如何提取github存储库的提交页面总数

时间:2019-04-10 09:51:29

标签: bash shell github github-api git-bash

我正在设置一个脚本,用于导出所有提交并提取请求以获取更大的github存储库列表(约4000个)。

脚本的基本概念起作用后,我需要一种方法来遍历存储库的所有提交页面。

我发现我每页可以导出100个提交。对于某些存储库,还有更多的提交(例如8000个),因此我需要循环浏览80页。

我找不到从github api中提取页数的方法。

到目前为止,我所做的是设置脚本,使其遍历所有提交并将其导出到txt / csv文件。

我需要做的是在开始遍历一个repo的提交之前知道页面的总数。

这给了我一些我无法使用的页面数量。

curl -u "user:password" -I https://api.github.com/repos/0chain/rocksdb/commits?per_page=100

结果:

  

链接:https://api.github.com/repositories/152923130/commits?per_page=100&page=2; rel =“ next”,https://api.github.com/repositories/152923130/commits?per_page=100&page=75; rel =“ last”
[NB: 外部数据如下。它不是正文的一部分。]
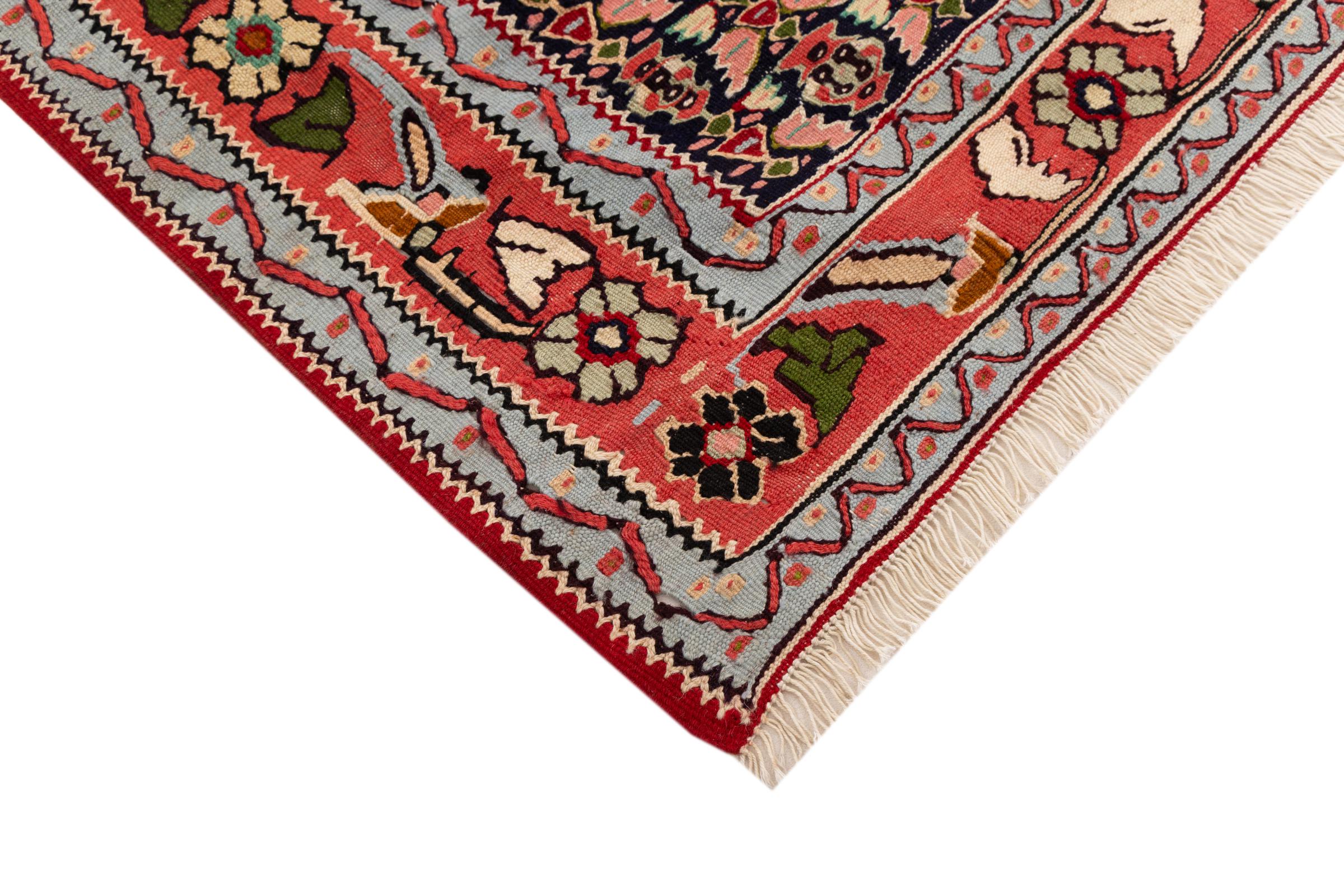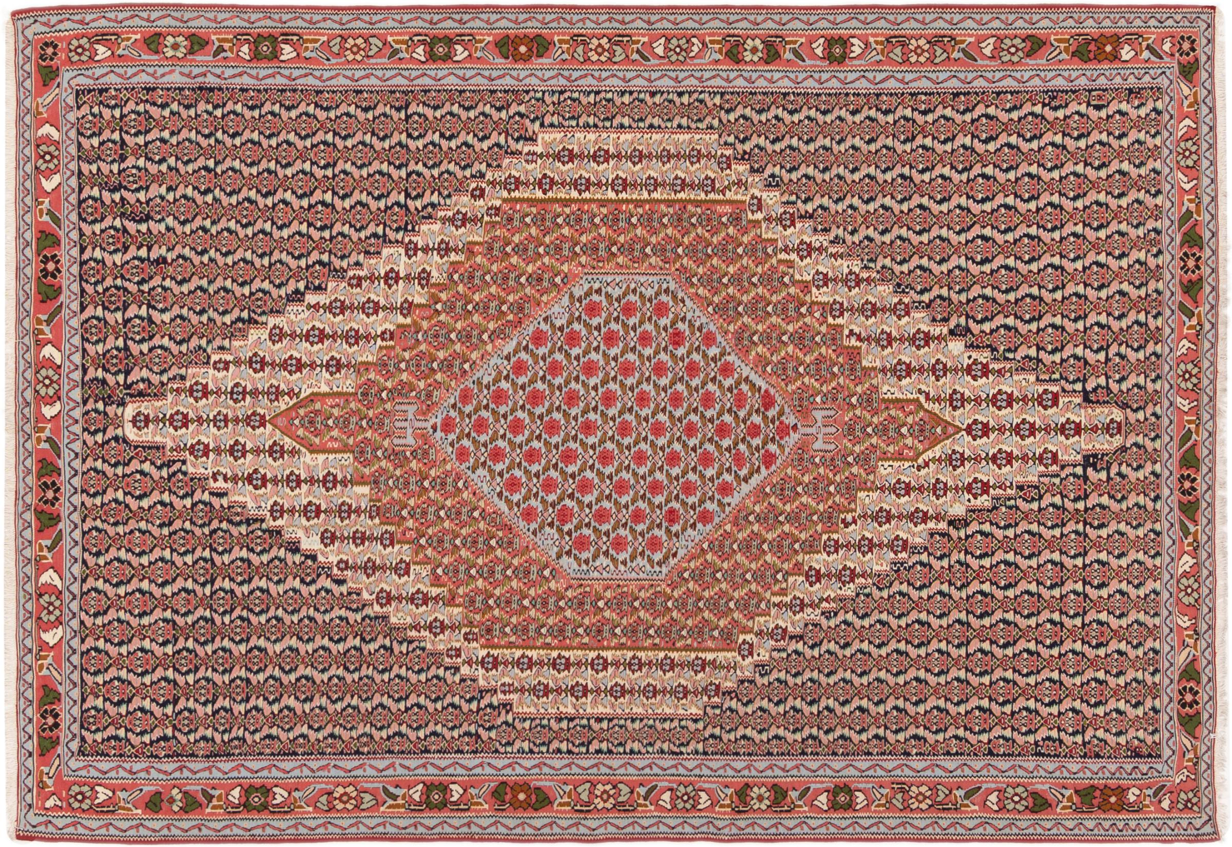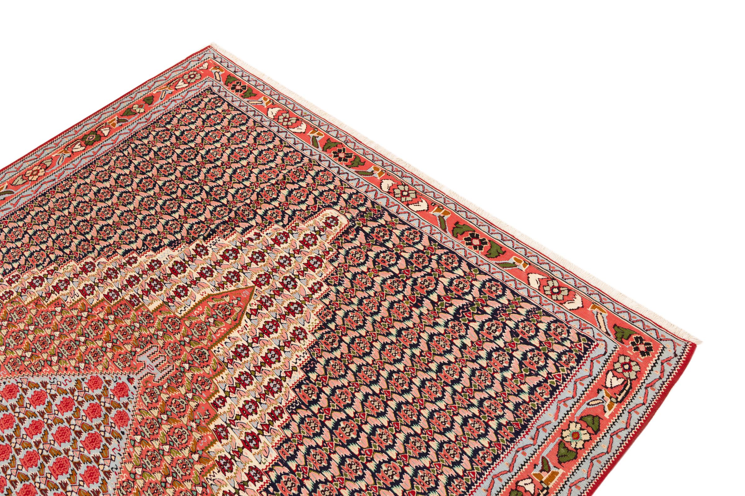Este tapete Senneh foi feito na província do Curdistão, que fica na parte ocidental do Irã. A peça única feita à mão é feita de lã natural robusta e é extremamente resistente. Com sua estrutura resiliente e design detalhado, este tapete Senneh é adequado como um elemento de vida impressionante e duradouro em áreas muito frequentadas, como o corredor e a sala de estar.

我需要将值75(或其他存储库中的其他任何值)用作循环中的变量。

像这样:

repolist=`cat repolist.txt`
repolistarray=($(echo $repolist))
repolength=$(echo "${#repolistarray[@]}")

for (( i = 0; i <= $repolength; i++ )); do
    #here i need to extract the pagenumber
    pagenumber=$(curl -u "user:password" -I https://api.github.com/repos/$(echo "${repolistarray[i]}")/commits?per_page=100)

    for (( n = 1; n <= $pagenumber; n++ )); do
        curl -u "user:password" -s https://api.github.com/repos/$(echo "${repolistarray[i]}")/commits?per_page=100&page$(echo "$n") >committest.txt
    done
done

done

如何从中获得“ 75”或其他任何结果

  

链接:https://api.github.com/repositories/152923130/commits?per_page=100&page=2; rel =“ next”,https://api.github.com/repositories/152923130/commits?per_page=100&page=75; rel =“ last”

用作“ n”?

2 个答案:

答案 0 :(得分:1)

以下是@Poshi评论的内容:无限循环请求下一页,直到您碰到空白页,然后跳出内循环,进入下一个回购。

# this is the contents of a page past the last real page:
emptypage='[

]'

# here's a simpler way to iterate over each repo than using a bash array
cat repolist.txt | while read -d' ' repo; do

  # loop indefinitely
  page=0
  while true; do
    page=$((page + 1))

    # minor improvement: use a variable, not a file.
    # also, you don't need to echo variables, just use them
    result=$(curl -u "user:password" -s \ 
      "https://api.github.com/repos/$repo/commits?per_page=100&page=$n")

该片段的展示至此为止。